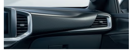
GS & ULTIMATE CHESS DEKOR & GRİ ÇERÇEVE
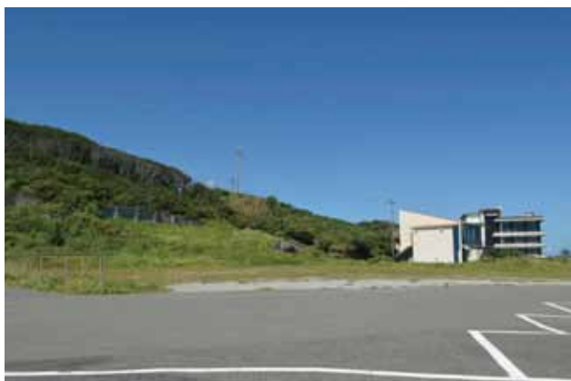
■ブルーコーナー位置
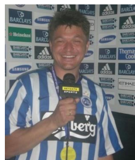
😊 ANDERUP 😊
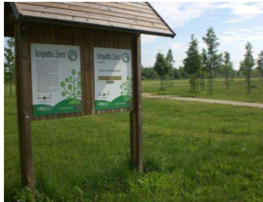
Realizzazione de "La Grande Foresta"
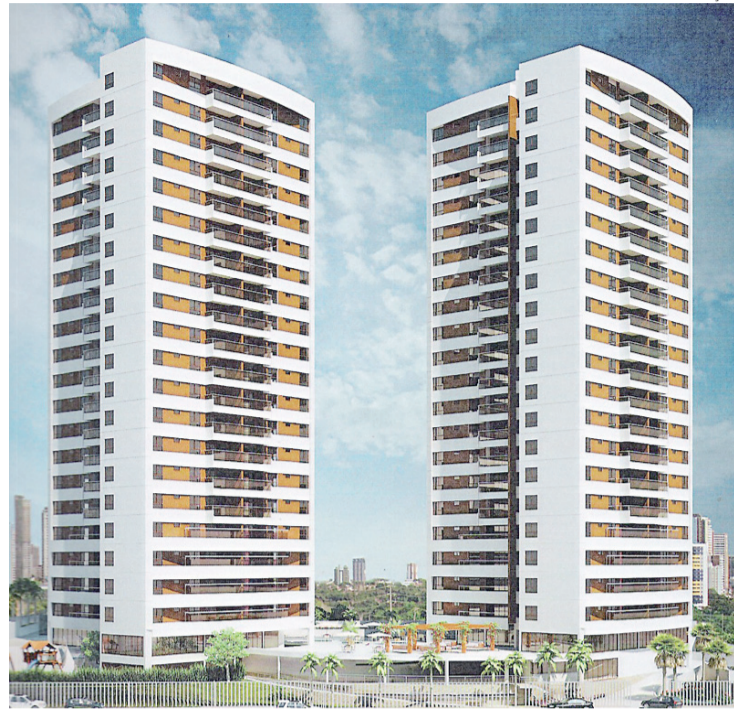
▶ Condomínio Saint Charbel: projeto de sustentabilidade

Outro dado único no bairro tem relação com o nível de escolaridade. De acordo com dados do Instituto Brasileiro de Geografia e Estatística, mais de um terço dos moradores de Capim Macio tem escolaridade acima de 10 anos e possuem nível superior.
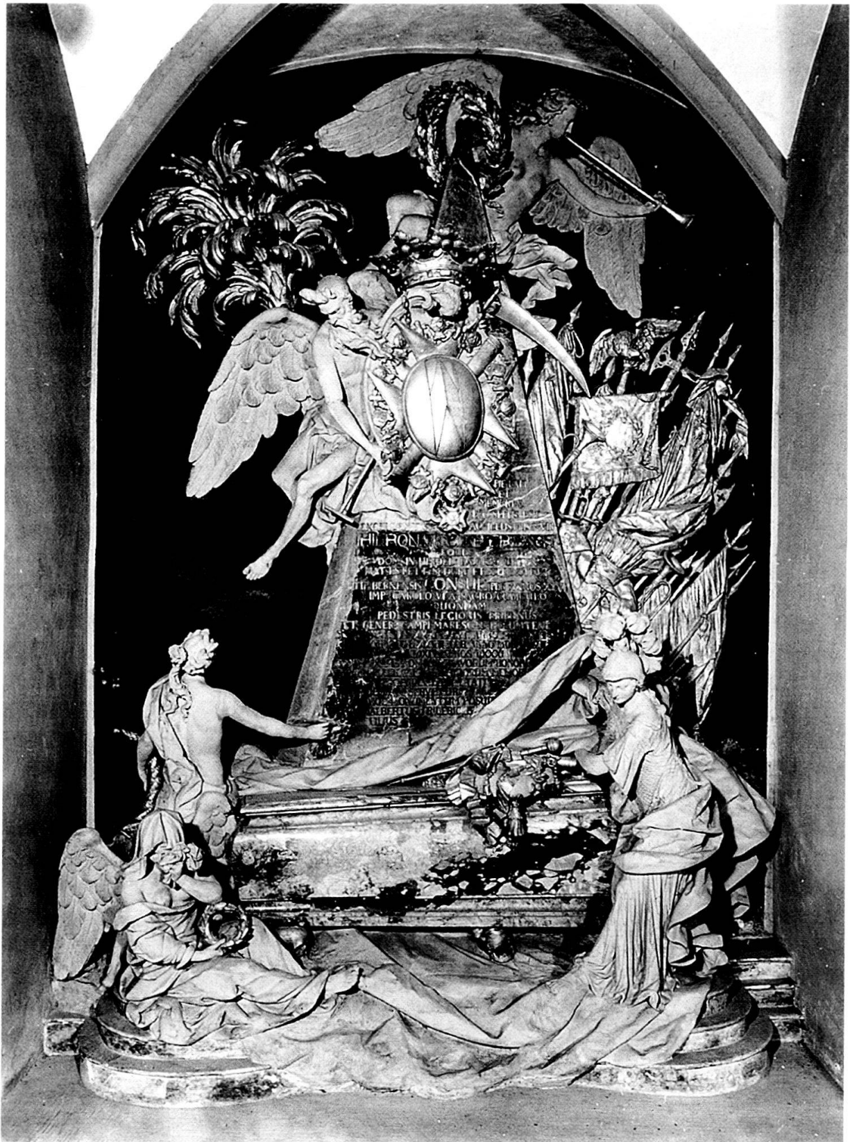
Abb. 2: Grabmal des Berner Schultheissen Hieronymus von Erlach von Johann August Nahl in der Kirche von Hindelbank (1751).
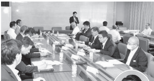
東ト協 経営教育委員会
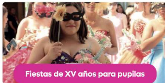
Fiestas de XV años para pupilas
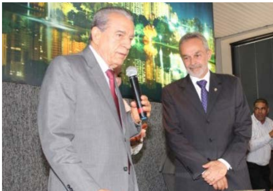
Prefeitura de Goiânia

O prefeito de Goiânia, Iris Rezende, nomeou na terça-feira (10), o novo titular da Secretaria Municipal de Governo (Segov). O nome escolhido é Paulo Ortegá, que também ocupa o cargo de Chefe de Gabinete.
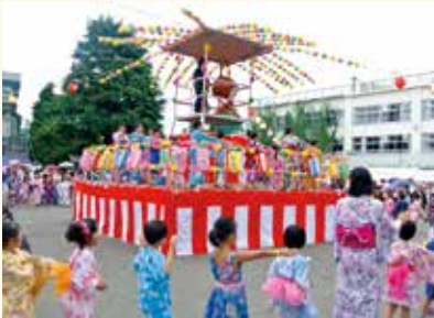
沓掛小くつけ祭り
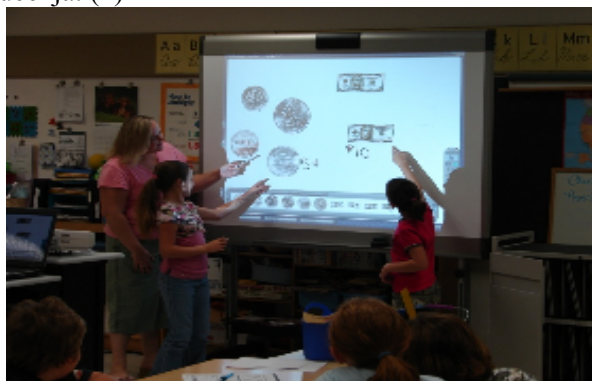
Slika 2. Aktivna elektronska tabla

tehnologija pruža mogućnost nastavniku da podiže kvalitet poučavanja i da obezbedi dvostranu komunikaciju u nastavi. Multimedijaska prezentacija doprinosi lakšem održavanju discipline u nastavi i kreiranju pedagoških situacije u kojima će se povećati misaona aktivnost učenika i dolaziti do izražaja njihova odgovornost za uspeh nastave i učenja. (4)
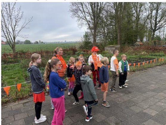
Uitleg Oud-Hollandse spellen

* * *

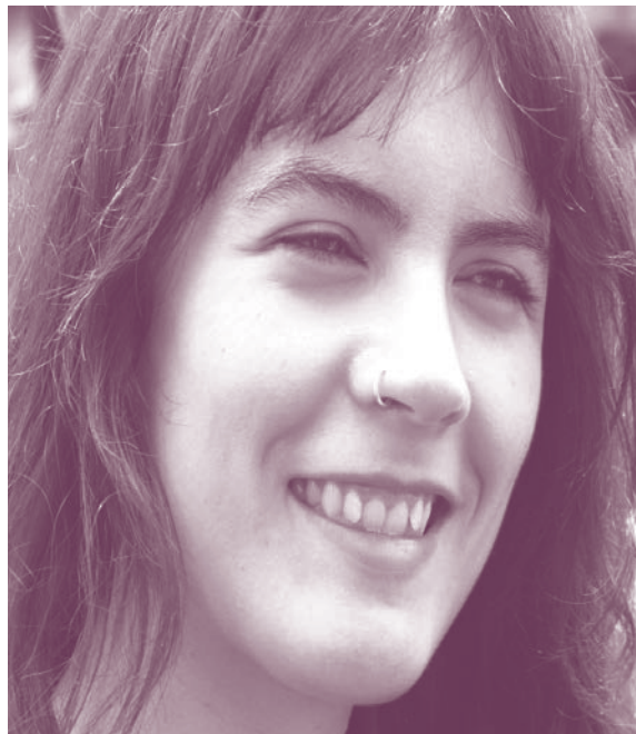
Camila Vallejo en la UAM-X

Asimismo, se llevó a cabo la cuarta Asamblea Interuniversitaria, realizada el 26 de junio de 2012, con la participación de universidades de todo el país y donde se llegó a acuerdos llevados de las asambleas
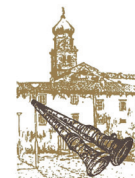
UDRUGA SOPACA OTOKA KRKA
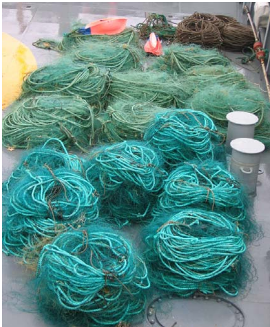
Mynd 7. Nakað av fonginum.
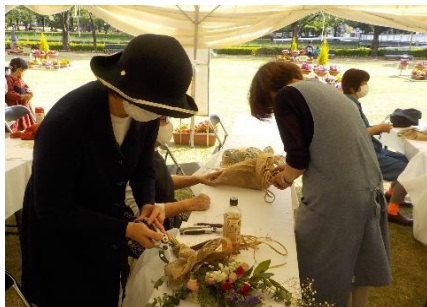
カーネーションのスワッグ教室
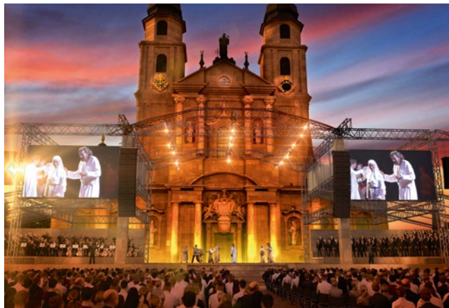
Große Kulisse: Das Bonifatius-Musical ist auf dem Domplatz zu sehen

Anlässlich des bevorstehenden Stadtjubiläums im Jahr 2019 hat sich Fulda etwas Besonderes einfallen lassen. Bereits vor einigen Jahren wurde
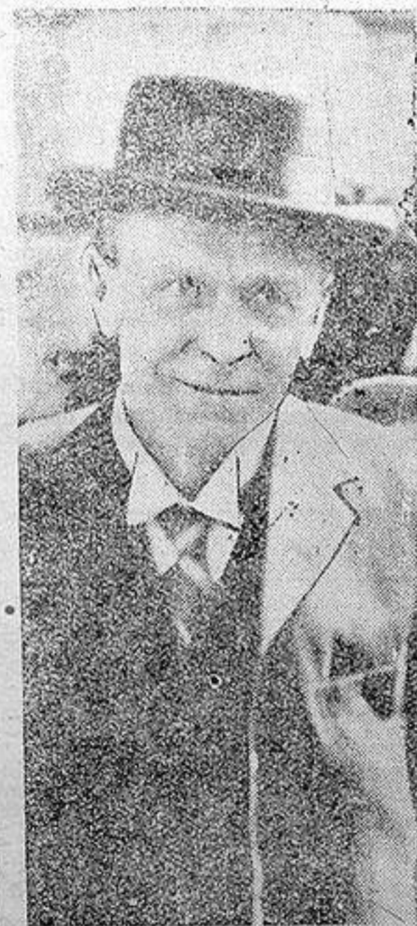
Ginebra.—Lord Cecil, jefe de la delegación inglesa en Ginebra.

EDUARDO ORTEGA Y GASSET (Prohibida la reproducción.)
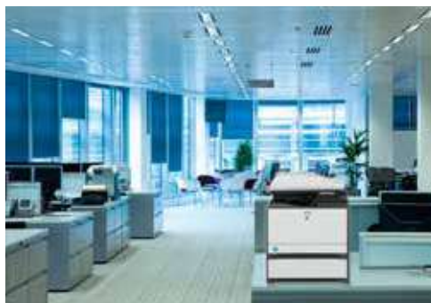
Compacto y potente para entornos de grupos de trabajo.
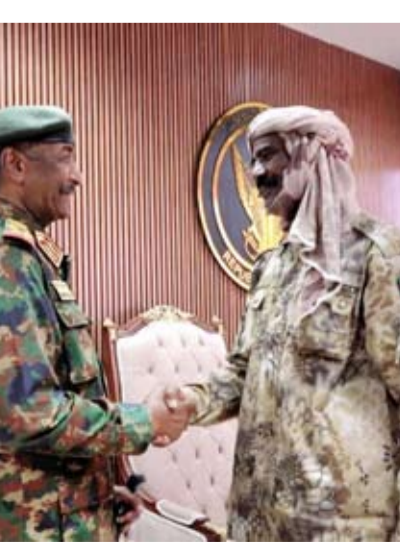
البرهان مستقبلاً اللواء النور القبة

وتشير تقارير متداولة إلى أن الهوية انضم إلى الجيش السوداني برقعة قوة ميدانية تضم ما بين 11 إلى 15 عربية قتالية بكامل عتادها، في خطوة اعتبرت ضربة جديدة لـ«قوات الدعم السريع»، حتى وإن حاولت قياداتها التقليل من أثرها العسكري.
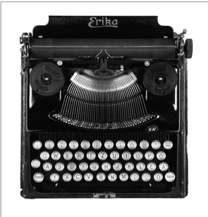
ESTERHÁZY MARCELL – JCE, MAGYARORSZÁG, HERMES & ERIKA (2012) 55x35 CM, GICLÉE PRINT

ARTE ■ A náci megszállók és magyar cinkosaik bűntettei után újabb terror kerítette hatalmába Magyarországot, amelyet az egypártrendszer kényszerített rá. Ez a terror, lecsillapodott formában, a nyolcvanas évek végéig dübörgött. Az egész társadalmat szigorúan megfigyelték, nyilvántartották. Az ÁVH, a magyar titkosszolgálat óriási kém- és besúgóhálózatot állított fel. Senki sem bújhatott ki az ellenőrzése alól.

* * *

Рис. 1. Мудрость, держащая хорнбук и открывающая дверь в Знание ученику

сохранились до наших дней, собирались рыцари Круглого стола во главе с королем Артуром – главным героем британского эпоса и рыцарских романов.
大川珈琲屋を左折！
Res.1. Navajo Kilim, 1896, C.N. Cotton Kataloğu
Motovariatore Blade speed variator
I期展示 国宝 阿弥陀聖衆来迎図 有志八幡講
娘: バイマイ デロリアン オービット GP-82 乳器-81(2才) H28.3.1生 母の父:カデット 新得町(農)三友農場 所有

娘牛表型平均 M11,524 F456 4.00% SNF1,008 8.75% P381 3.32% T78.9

* _WORK TO BE COMPLETED_:
Using the listing above, reproduce word for word every line from the one containing "GS & ULTIMATE CHESS DEKOR & GRİ ÇERÇEVE" through the one containing "projeto de sustentabilidade". Pictures must be left out.

* _EXERCISE RESPONSE_:
GS & ULTIMATE CHESS DEKOR & GRİ ÇERÇEVE
■ブルーコーナー位置
😊 ANDERUP 😊
Realizzazione de "La Grande Foresta"
▶ Condomínio Saint Charbel: projeto de sustentabilidade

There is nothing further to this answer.